→ **Task**
Give again, word for word, the line holding "- Style: CHEMINENE" and every line after it through the end of the data below. Omit pictures.

→ **Material provided**

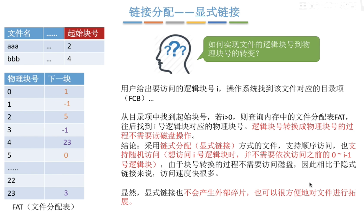 虽然显式链接(如 FAT 文件系统)在理论数据结构上仍然是“链表”(意味着你需要顺藤摸瓜),但由于这个链表被提取出来单独存放在内存中,因此在实际效果上,它实现了(近似的)随机访问。
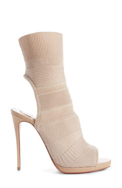 - Style: CHEMINENE 120 BEIGE STRETCH KNIT OPEN TOE SOCK BOOTS
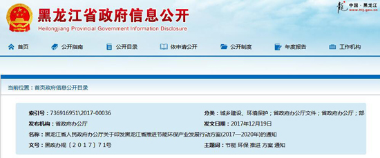 黑龍江省人民政府辦公廳關于印發黑龍江省推進節能環保產業發展行動方案(2017—2020年)的通知

→ **Answer box**
 - Style: CHEMINENE 120 BEIGE STRETCH KNIT OPEN TOE SOCK BOOTS
 黑龍江省人民政府辦公廳關于印發黑龍江省推進節能環保產業發展行動方案(2017—2020年)的通知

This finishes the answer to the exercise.